Large public pensions have already raised alarms, pointing out that this lock gives Musk a permanent veto over his own firing, regardless of how the high-risk xAI integration turns out. Yet, in return for surrendering their voting rights, investors get equity in a company that controls the physical constraints of the launch market.

It is a steep entry fee, but in an era of intense software commoditization, backing an infrastructure giant where you have absolutely no say might just look like a reasonable cost of doing business.

Signal Stack

The operating reality beneath the headlines.

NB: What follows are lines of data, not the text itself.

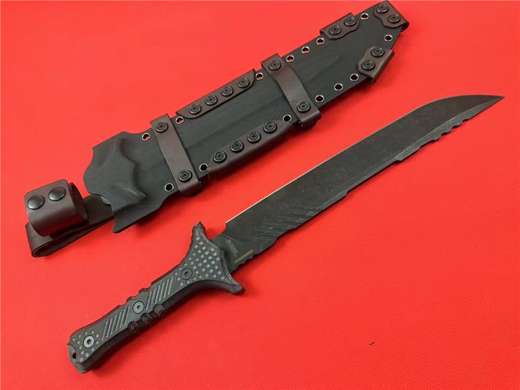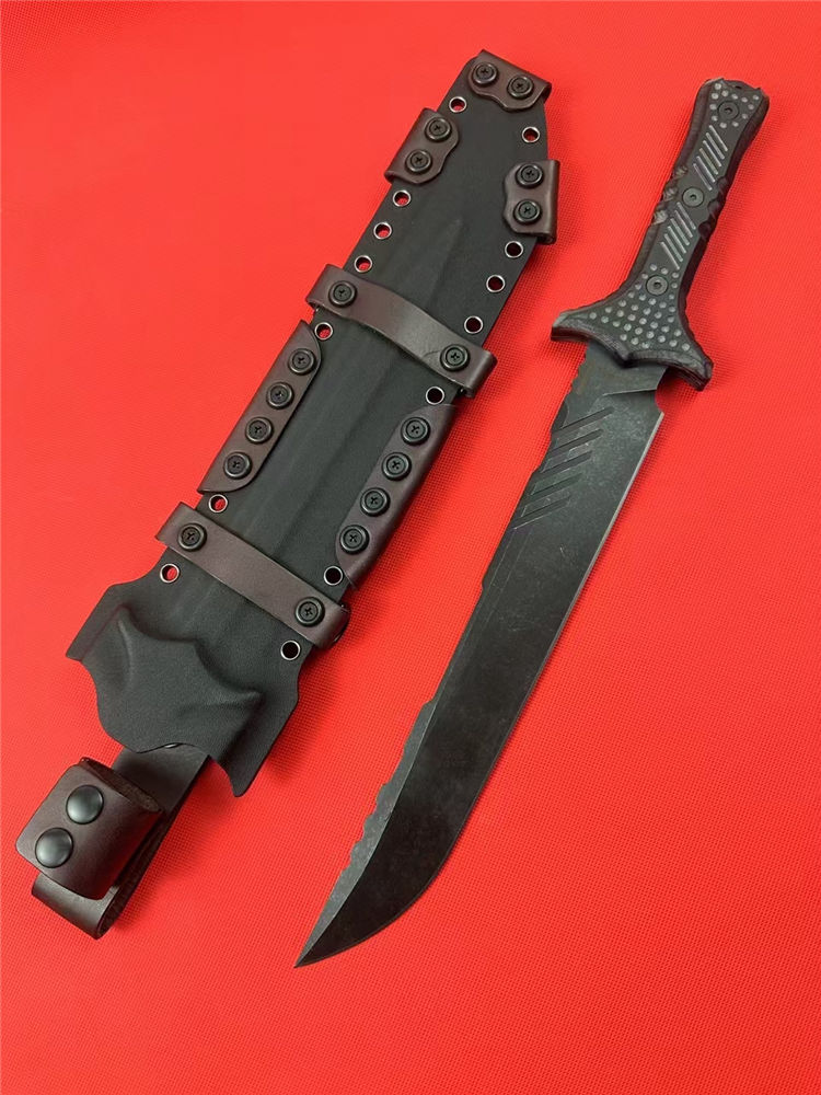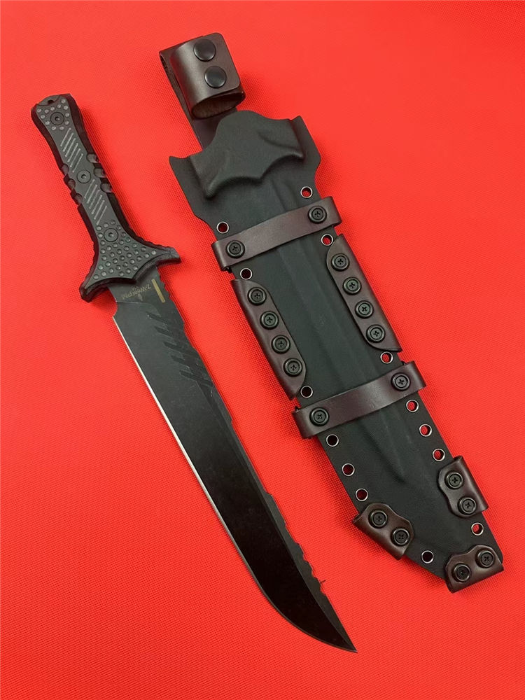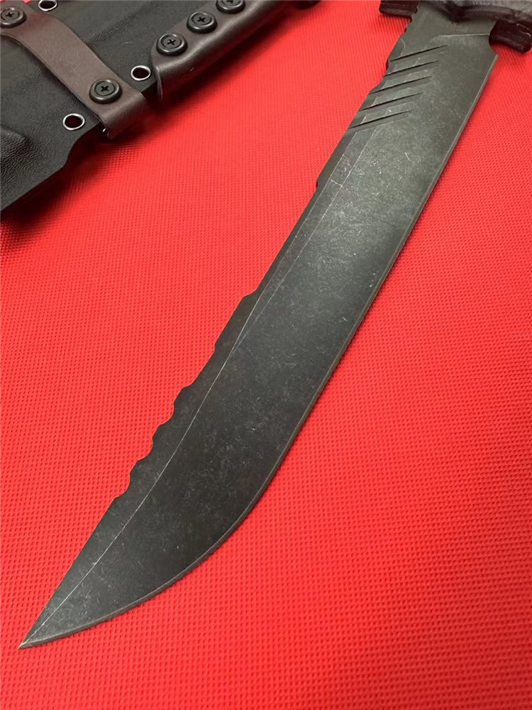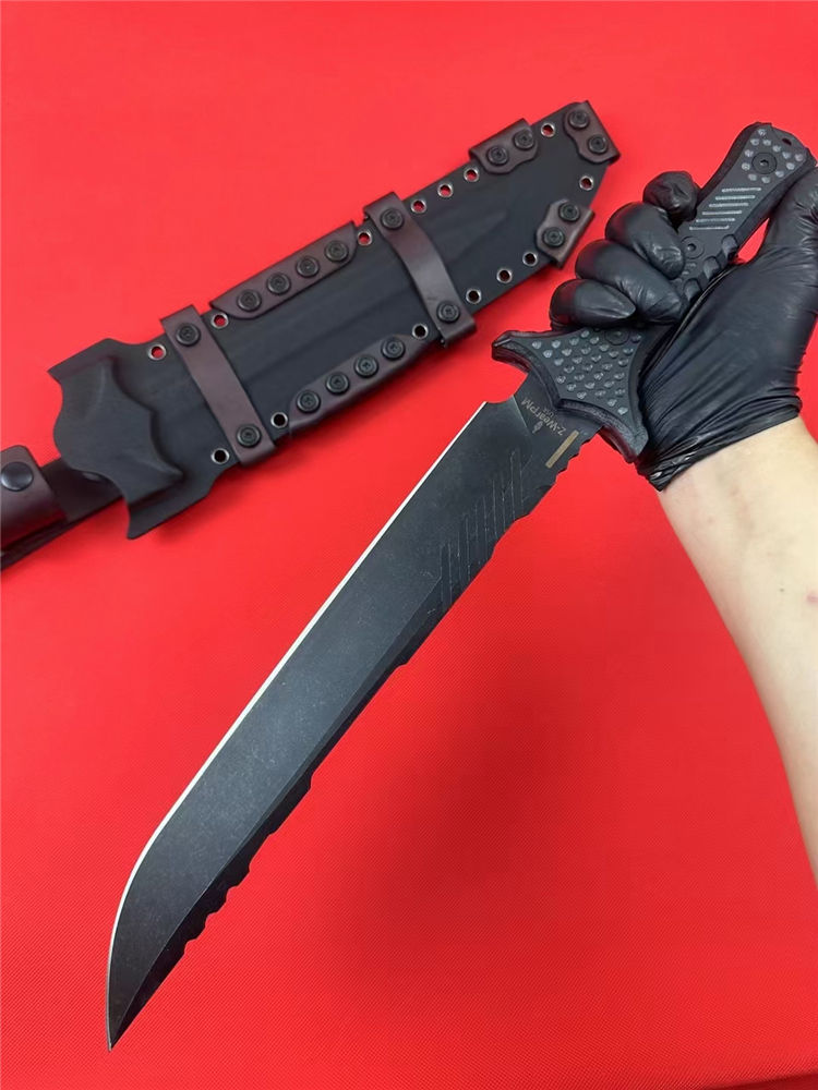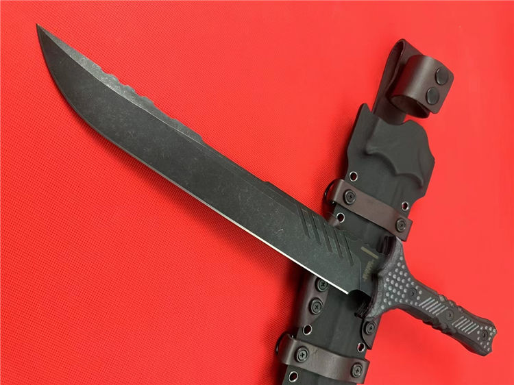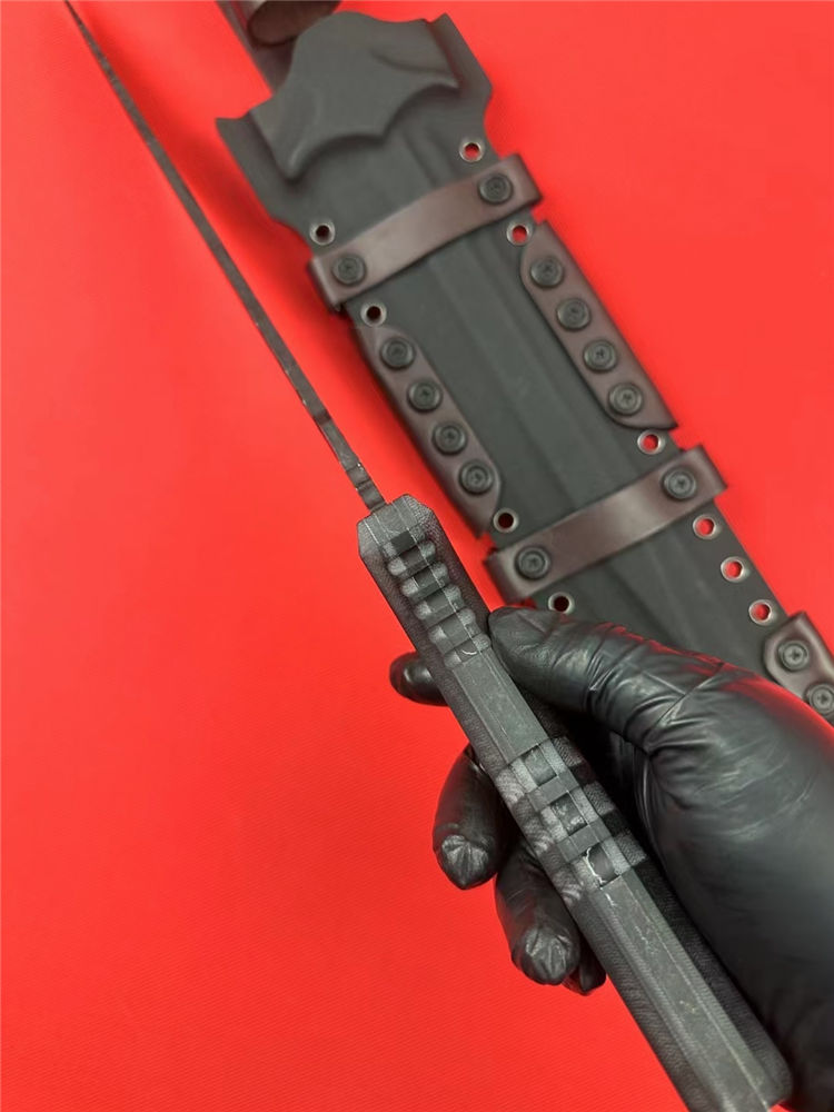 米勒M17武士直刀 全长:460mm 刃长:290mm(开刃部分) 柄长:155mm 刃宽:45mm 刃厚:5.2mm 刃材:公司提供进口A8钢 刀重:606g 毛重:948g (含鞘) 硬度:60+HRC 热处理:专业真空深冷让处理油淬 表面:阳极氧化钛涂层高级精密度石洗黑钛工艺 柄材:G10高密度碾压材料 结构:一体龙骨成形 配套:进口K鞘+进口意大利手工制作植鞣皮 包装:黑色手工盒子(合作代工出口版简包)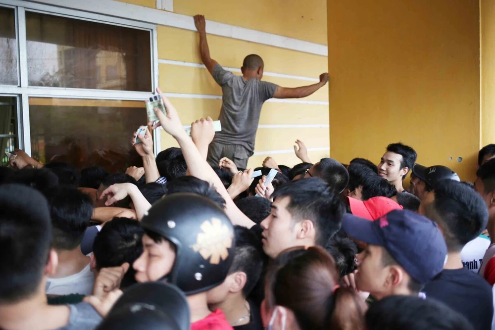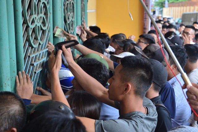 Không khẩu trang, chen lấn trước cổng bán vé để sở hữu tấm vé trận Nam Định - HA Gia Lai.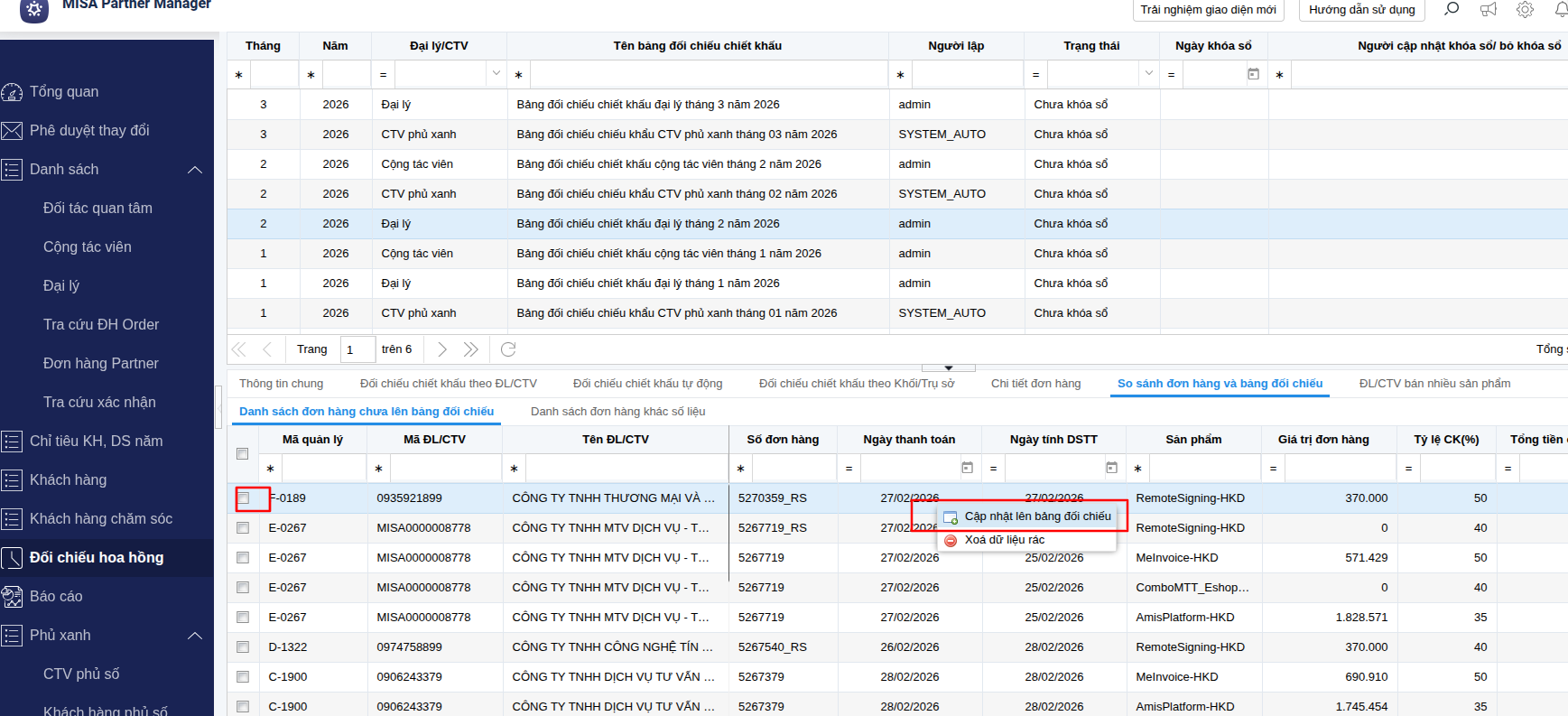 • Nhấn chuột phải vào đơn hàng => nhấn chọn Cập nhật lên bảng đối chiếu.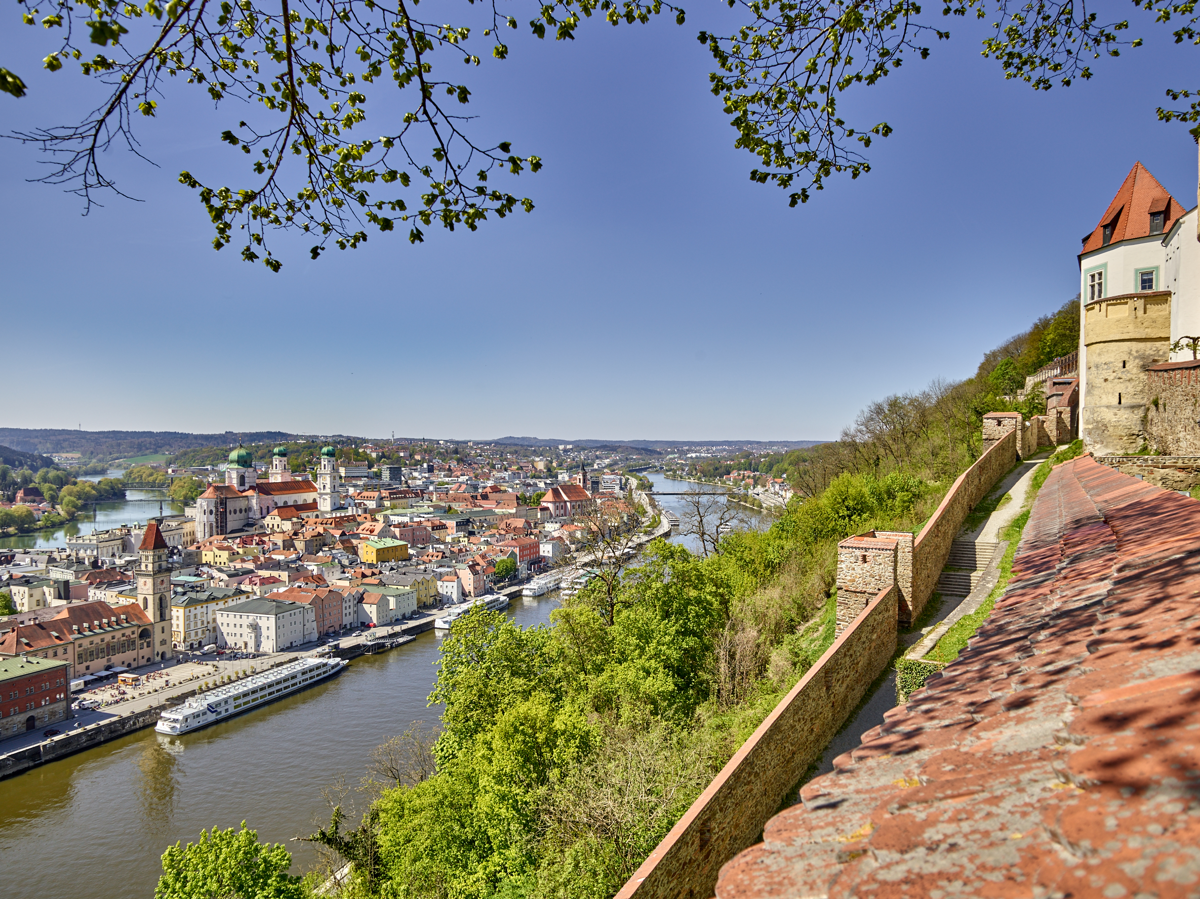 The Linde Battery, a former artillery platform surrounded by defensive walls at the eastern end of Veste Oberhaus, offers a unique view of the confluence of the rivers Danube, Inn and Ilz. The natural spectacle of the three differently-coloured rivers can be admired to full advantage from beneath the old lime (Linde) trees at the edge of the Battery. You can also see the spectacular panorama of Passau with St Stephen's Cathedral, Mariahilf Monastery, the Town Hall and the historical old town, all the way to Austria and the foothills of the Bavarian Forest.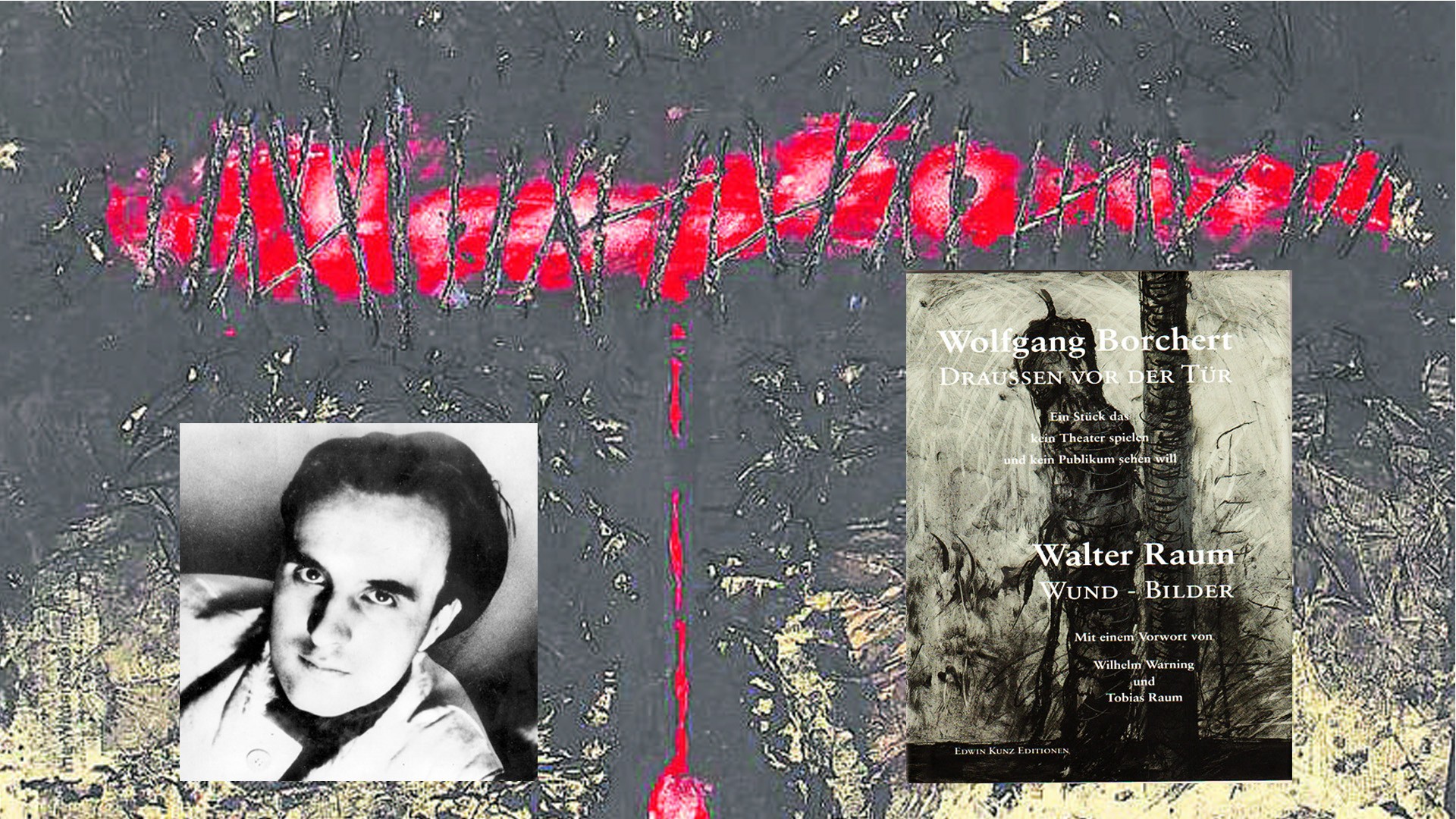 Der musikalische und visuelle Raum wird gestaltet von der Pianistin Masako Ohta und den ‚Wund-Bildern‘ von Walter Raum, einem Künstler der Nachkriegsavantgarde, der darin seine eigenen Kriegstraumata verarbeitete.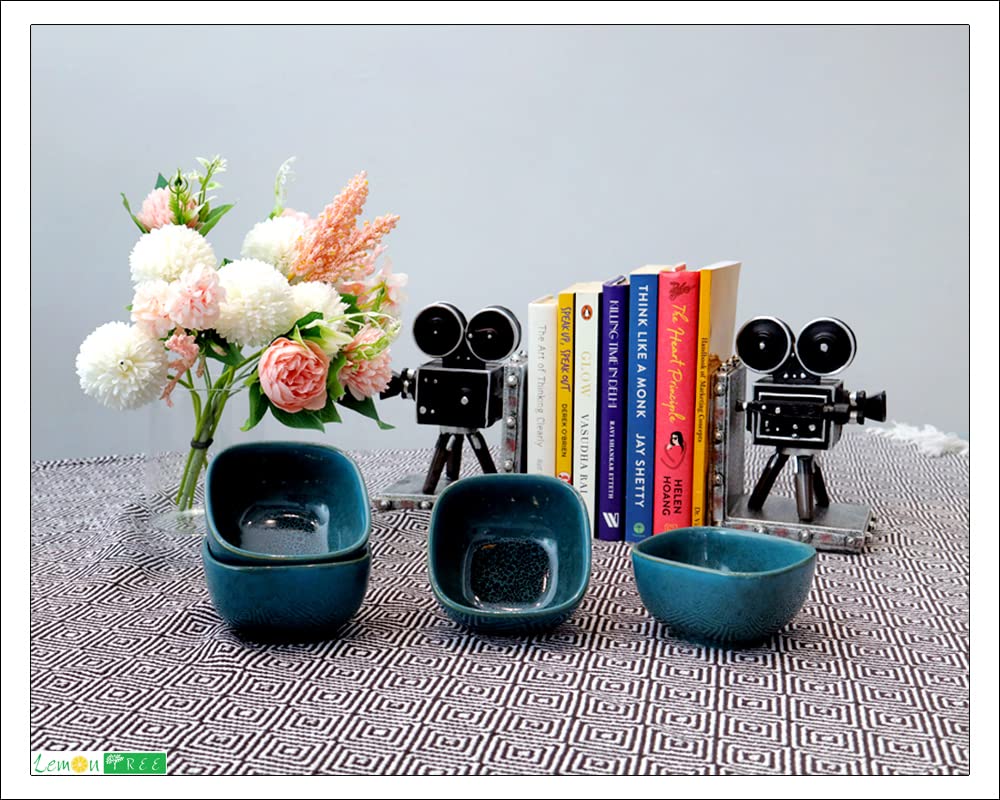 Enhance your dining experience with the Lemon Tree Set of 4 Stoneware Bowls in a stunning turquoise finish. Designed for everyday use, these 350ml bowls are perfect for serving snacks, rice, dal, fruits, salads, soups, and more. Made from high-quality, BPA & lead-free ceramic, these bowls are food-safe, durable, and stylish. Their smooth glaze and modern design add elegance to any table setting. Microwave, dishwasher, and freezer safe, these bowls offer convenience and hassle-free cleaning. A perfect blend of functionality and aesthetics, making them an ideal housewarming, festive, or wedding gift.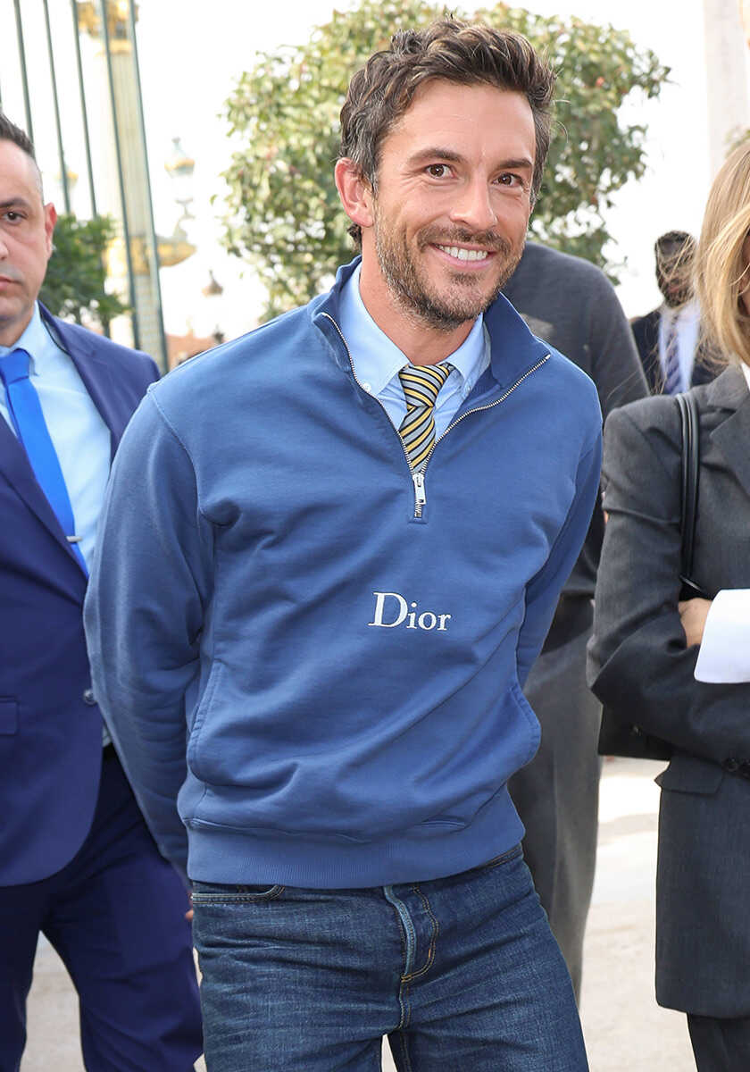 ジェイミーと同じく、パリのファッション・ウィークでキャッチしたジョナサン。スウェットシャツとデニムのリラックス感のあるスタイルながら、タイとシャツを差すことで、一気に上品なイメージに。〈ディオール〉のロゴもセレブらしい品格を主張するのに、ひと役買う!

  • Exploring a Space-Based, Scalable AI Infrastructure System Design (Google Research) - Lab tests show Trillium TPUs are surprisingly radiation-hard, and launch costs falling below $200/kg by the mid-2030s could make orbital compute cost-competitive with terrestrial data centers.
  • Moonshot? Data Centers in Space (Natixis CIB)At today's launch costs, an orbital gigawatt costs 4 times a terrestrial equivalent; the investment case only closes if launch prices, satellite lifespans, and chip efficiency all improve simultaneously.

📊 Data > Narrative

We pull key data points to show you the mathematical reality of what's happening in tech.

  • The Data: SpaceX reported Q1 2026 results across three segments. Connectivity generated $3.3 billion in quarterly revenue with $1.2 billion in operating income. Space generated $619 million in revenue at a -$662 million operating loss. The AI segment generated $818 million in revenue at a -$2.5 billion operating loss—losing more than three dollars for every dollar it earns. The consolidated operating loss across all three businesses was -$1.9 billion.
  • The Takeaway: There is one profitable business inside SpaceX, and it is a satellite internet provider. That business is currently subsidising both a rocket company and an AI operation. SpaceX's AI ambitions are being bankrolled by the monthly subscriptions of Starlink users in rural Montana. The boring, operational, cash-generating business is what makes the moonshot possible.